Sunday Times



Open­ing lead — five of clubs.

When a slam is bid, the dif­fer­ence be­tween mak­ing it and los­ing it or­di­nar­ily ranges from 1,000 to 1,800 points, de­pend­ing on vul­ner­a­bil­ity. Slams there­fore are wor­thy of the clos­est pos­si­ble at­ten­tion by both sides.

Con­sis­tent with the im­por­tance of slam hands, there are sev­eral de­fen­sive weapons that help to in­crease the chance of de­feat­ing an op­pos­ing slam.

One of these stip­u­lates that when a de­fender not on lead dou­bles a slam vol­un­tar­ily reached by the op­po­si­tion, he is di­rect­ing his part­ner to lead, or some­times not to lead, a spe­cific suit.

The ad­van­tage of this con­ven­tion is il­lus­trated by to­day’s deal. South makes the slam if West leads a heart, the suit East bid. But East’s dou­ble for­bids the nor­mal heart lead and calls for an unusual lead. It is not dif­fi­cult for West, with six cards in the suit dummy has bid, to de­duce that the rea­son for East’s dou­ble is that he can ruff a club.

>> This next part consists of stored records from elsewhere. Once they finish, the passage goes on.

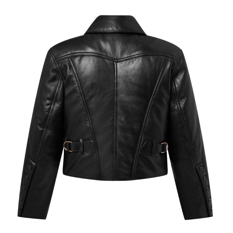 Complete with adjustable buckle details at the back, this jacket exudes a rebellious biker feel, adding an element of attitude to any ensemble. Whether worn over a simple tee and jeans for a casual day out or layered over a dress for a night on the town, it effortlessly elevates any look with its sleek silhouette and edgy detailing.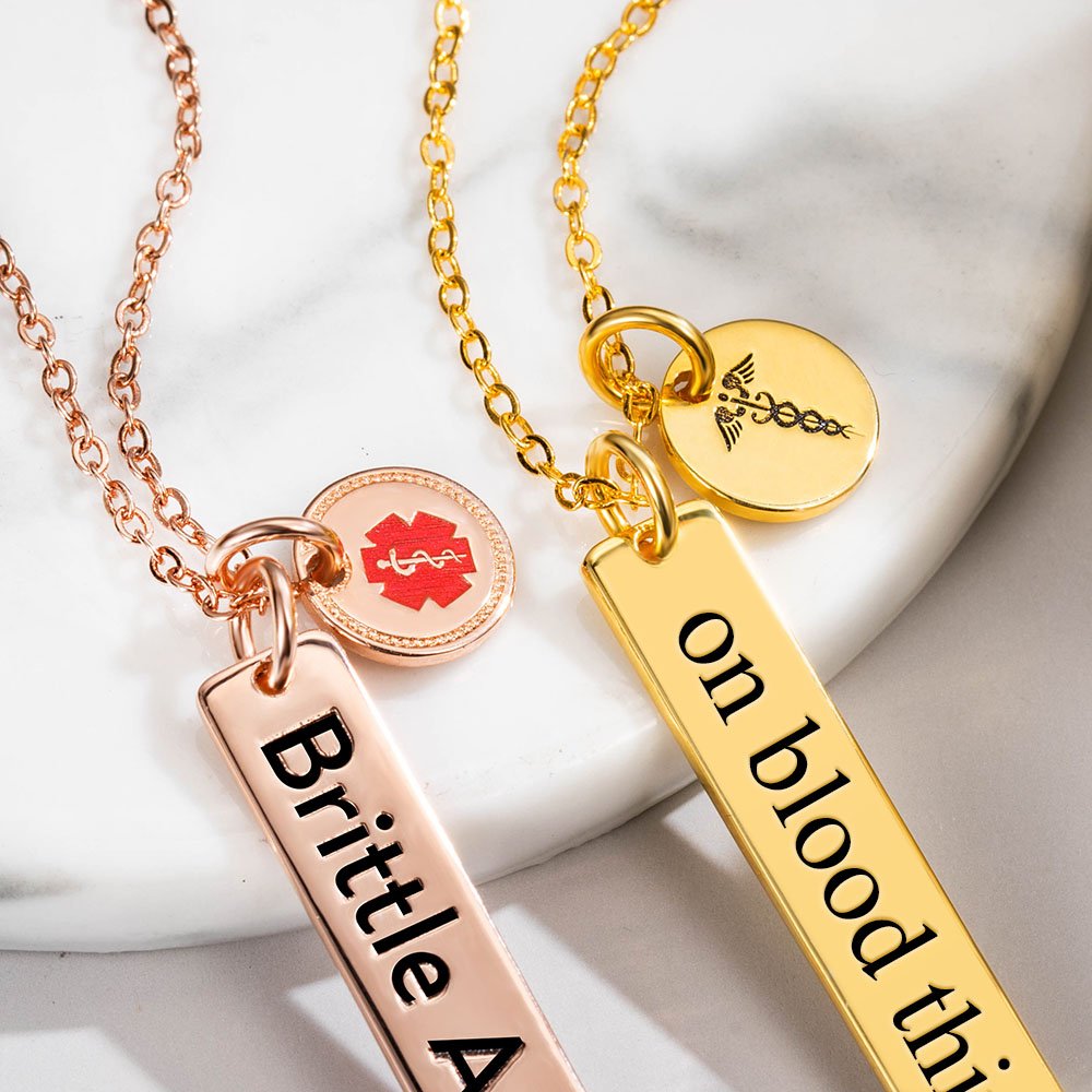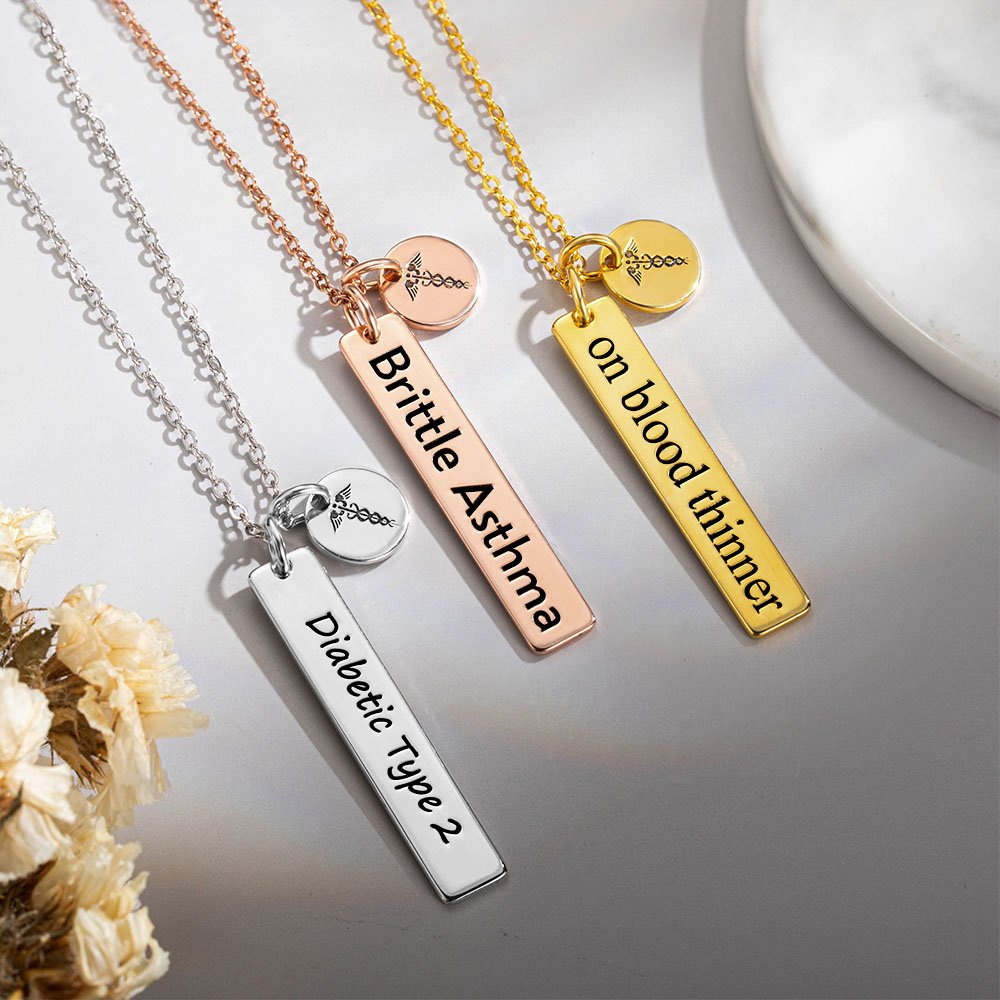 This dainty necklace can you peace of mind in case of an emergency. Customize it with a first and last name, allergy information, or even an emergency contact. Chain length can also be customized to fit different necklace sizes, making it the perfect medical alert necklace for children and adults alike! It features a bar front and back availability that contains your information and a small coin with the medical symbol.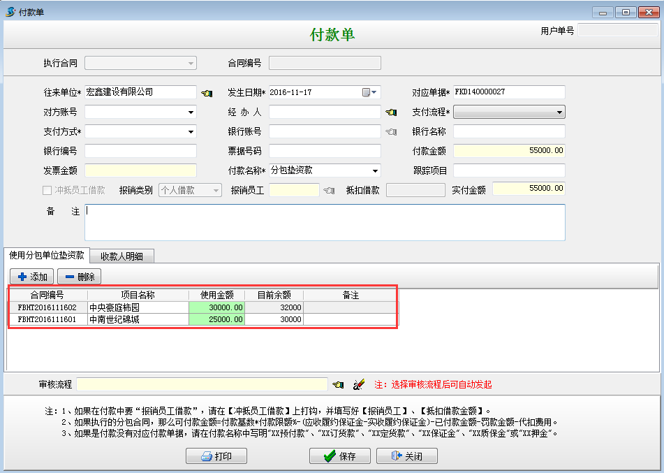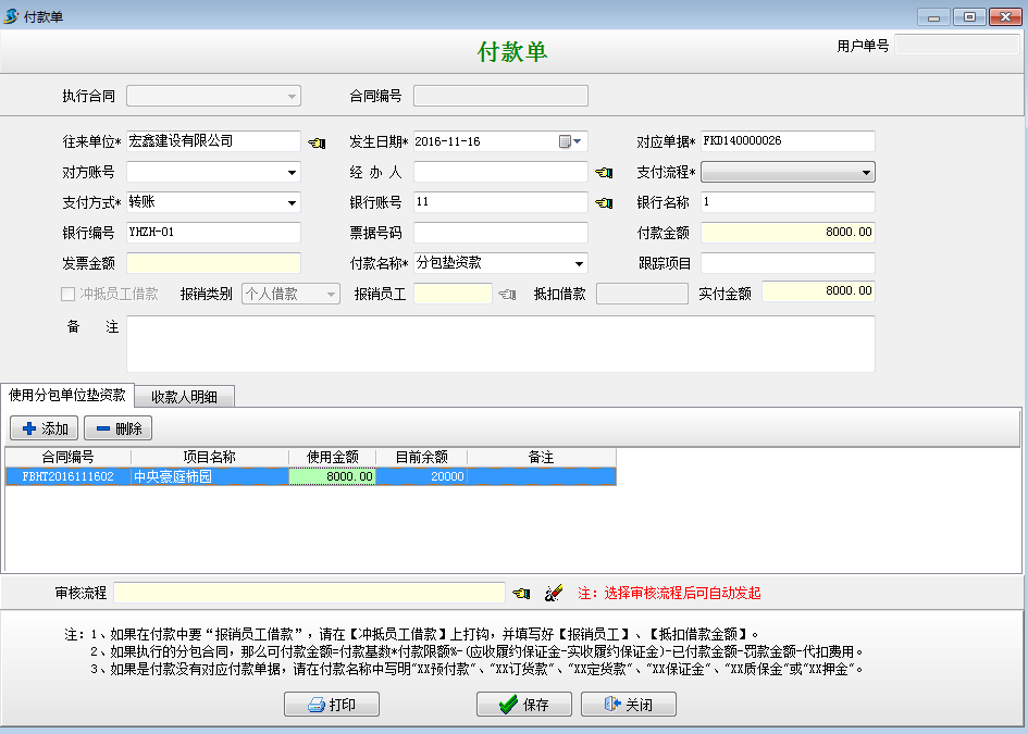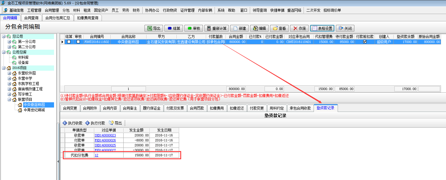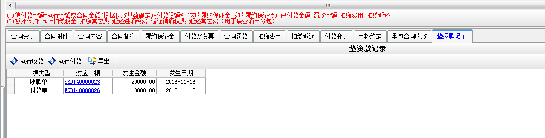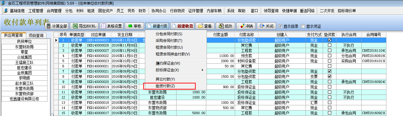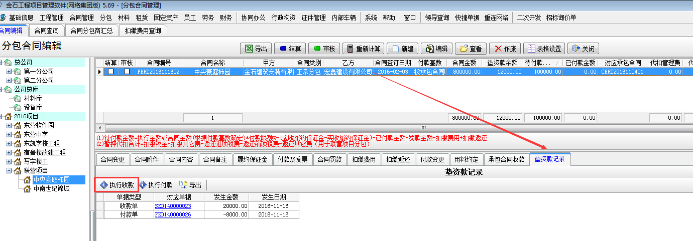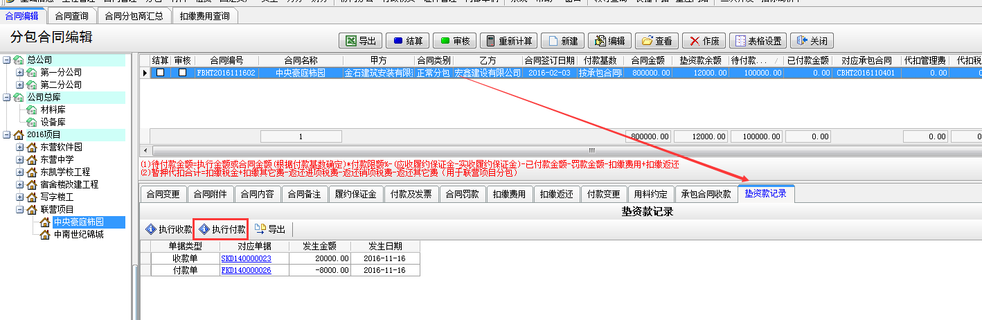 在【分包合同】-【墊資款記錄】處選擇執(zhí)行付款,或者在【財(cái)務(wù)管理】-【付款單收款單】新建付款單選擇墊資款付款。

So West leads a club, East ruffs, and East then cashes a heart to put the con­tract down one — 200 points. With a heart lead, South would score 1,660 points.

It is true that by us­ing such a con­ven­tion, the de­fend­ers might oc­ca­sion­ally lose an ex­tra 50 or 100 points they could have gained by dou­bling a slam. But this oc­ca­sional loss is a mighty cheap price to pay for de­feat­ing other slams that would oth­er­wise come rolling home.

The open­ing leader usu­ally has no trou­ble de­duc­ing which suit his part­ner wants led. Most im­por­tant of all, he is barred from lead­ing the suit his side has bid. Of the two side suits left, the leader’s hand will nearly al­ways tell him where to at­tack.